Going line by line through the records below, write out everything starting with the line containing "比如,北京市18岁组女性平均" and going on through the line containing "Chenqi MPR-2087A 액티브", exactly and inclusively. Pictures do not go in.

_DATASET:_
# # #

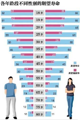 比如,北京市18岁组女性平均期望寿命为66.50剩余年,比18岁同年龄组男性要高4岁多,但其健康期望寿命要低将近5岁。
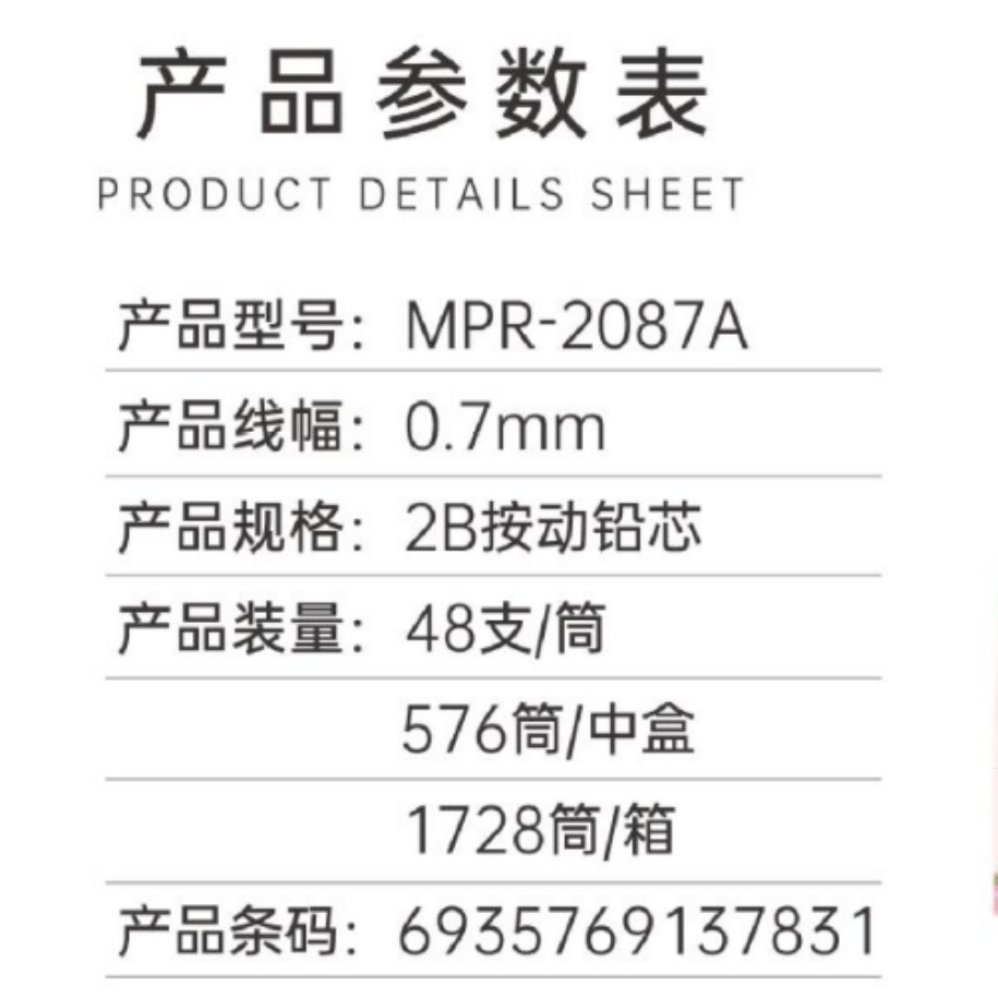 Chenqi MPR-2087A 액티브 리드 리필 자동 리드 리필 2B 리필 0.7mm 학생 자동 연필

# # #

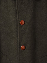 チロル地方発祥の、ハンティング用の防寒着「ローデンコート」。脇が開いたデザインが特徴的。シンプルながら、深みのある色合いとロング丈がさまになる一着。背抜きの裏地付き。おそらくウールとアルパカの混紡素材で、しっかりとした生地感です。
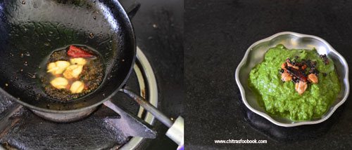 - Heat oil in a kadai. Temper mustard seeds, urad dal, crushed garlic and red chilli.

# # #

_EXPECTED ANSWER:_
 比如,北京市18岁组女性平均期望寿命为66.50剩余年,比18岁同年龄组男性要高4岁多,但其健康期望寿命要低将近5岁。
 Chenqi MPR-2087A 액티브 리드 리필 자동 리드 리필 2B 리필 0.7mm 학생 자동 연필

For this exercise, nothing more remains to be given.